During the football off-season, Banducci had worked selling cars, so when his 12 seasons in professional football came to an end, he transitioned seamlessly into the role of full-time Cadillac salesman. He decided that this was not an appealing career course, however and began attending night school to become a school teacher. After gaining his teaching certification, Banducci was hired by Marin Catholic High School in Kentfield, California as an algebra teacher and head football coach.

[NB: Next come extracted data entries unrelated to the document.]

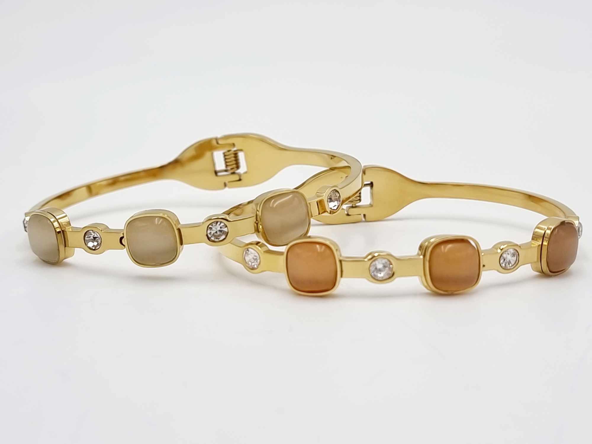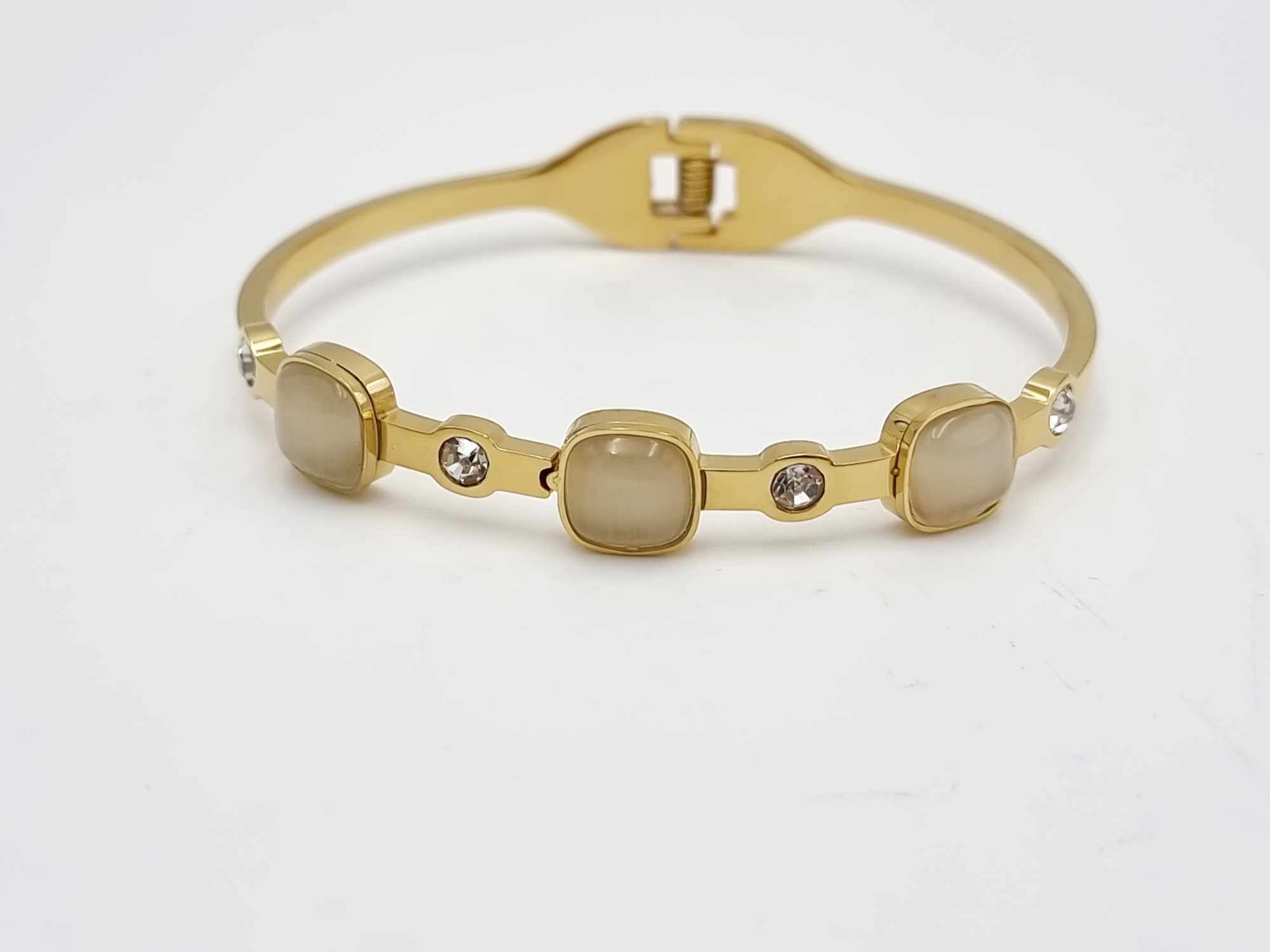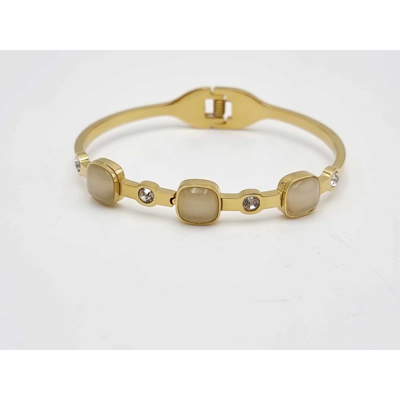 NYHED 522504 Armbånd bøjle med 3 sten & simili. Champagne
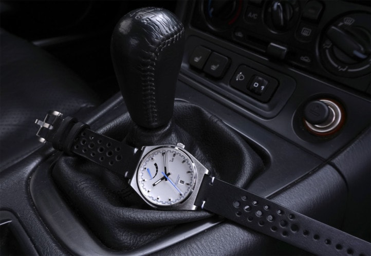 The movement equipped well worth a mention aside, the Miyota 9130, a modern movement which beats at 28.800 vph, with more than 40 hours power reserve, hacking function and manual winding. In addition, the winding rotor of the movement has been decorated with the Gibralfaro logo, which represents one of the mythical stages of the Gibralfaro Rally, the “Casarabonela” stage.
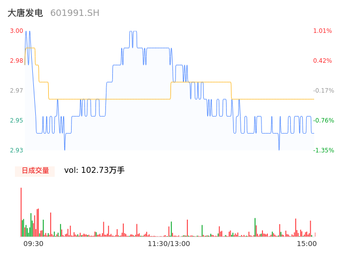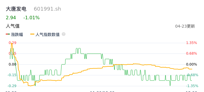 04月23日,大唐发电收报2.94,股价涨幅-1.01%,成交金额3.04亿元,换手率0.83%。
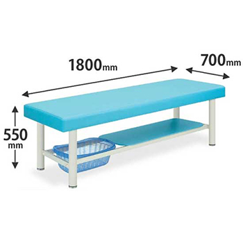 NTB-SD8-6055-BLは、張地カラースカイブルーの診察台です。安定性を重視した形状で、シート下に棚と脱衣カゴ付き。長さ1800mm×幅600mm×高さ550mm、耐アルコール・耐次亜塩素酸ビニールレザー張り。
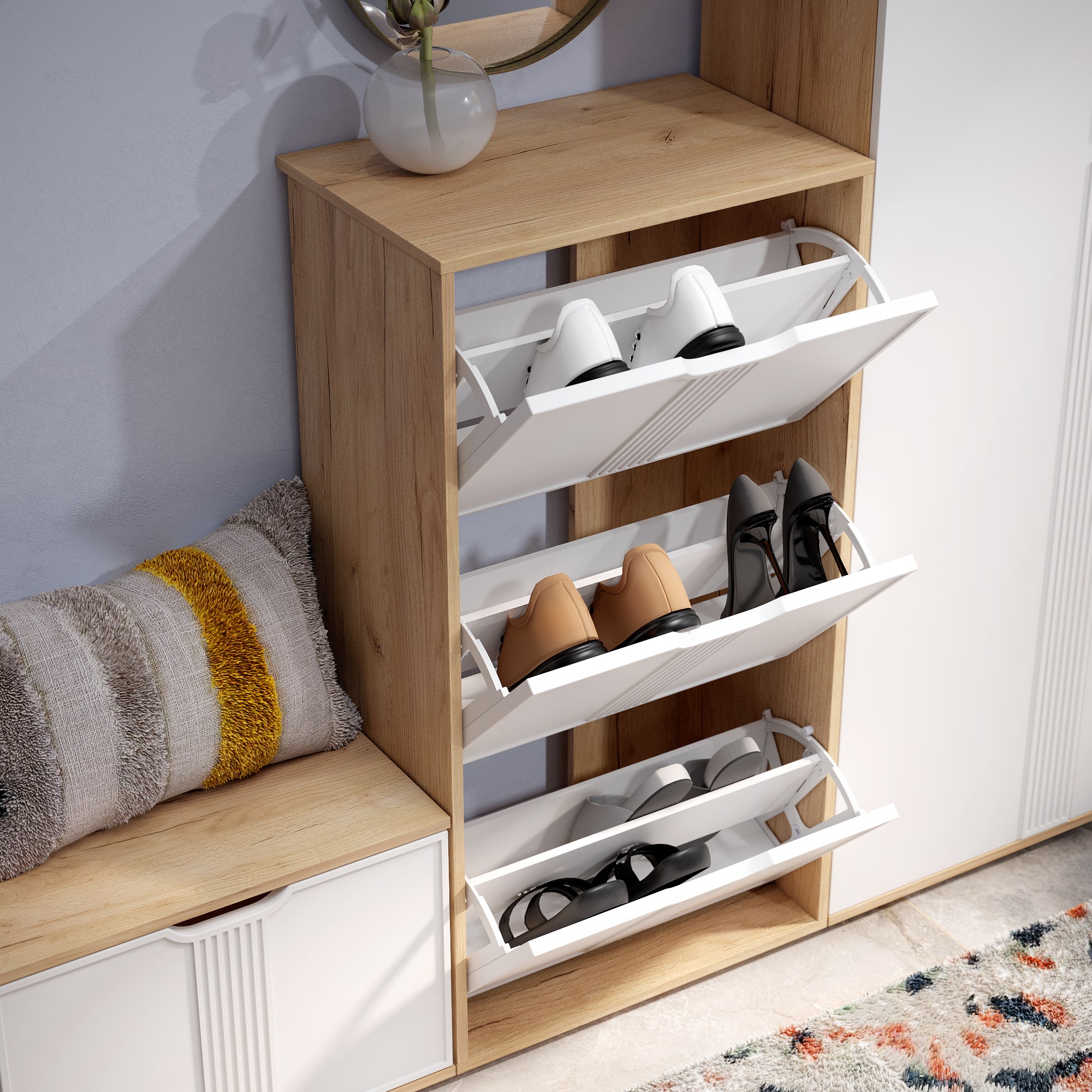 Тумба для обуви Эмилия ЭЛ-43 поможет создать уютную атмосферу в вашей прихожей. Изделие навсегда решит проблему разбросанной обуви по всему коридору. Тумба оснащена тремя отделениями со специальными отсеками для хранения обуви. Свес крышки в 30 мм обеспечит прилегание к стене с любым плинтусом. Высота опоры 20 мм.

In 1975, Banducci moved to the public school system, when he was hired by Sonoma Valley High School in Sonoma, California, where he taught and served as an assistant football coach. He remained in this position until the time of his death.

==Death and legacy==

Banducci died September 15, 1985, in Sonoma, California, of an apparent heart attack. He was 63 years old at the time of his death.

Banducci was recalled by former 49ers teammate Joe Vetrano as "a helluva lineman, one of the best," as well as the team's best injury faker. Sportswriter Prescott Sullivan once wrote that Banducci was a past master of the "spurious swoon." "Faking injuries in order to stop the clock happens to be the thing Bruno does best. We do not mean to minimize the bull-necked 230-pounder's other talents, but it is only as a faker that he stands head and shoulders above the field. Indeed, he is so good at it that even if he had nothing else to offer, the 49ers could well afford to carry him on the payroll for his faking alone.... There's no telling how many games Bruno's specialty has won for the 49ers over the years."

Teammate Vetrano acknowledged Banducci's superior stalling abilities and credited his skill for forcing an NFL rule change requiring teams to burn a time out for injury in the last two minutes of a game if trainers went onto the field to check out a player.

The members of the Professional Football Researchers Association elected Banducci to its PRFA Hall of Very Good Class of 2009.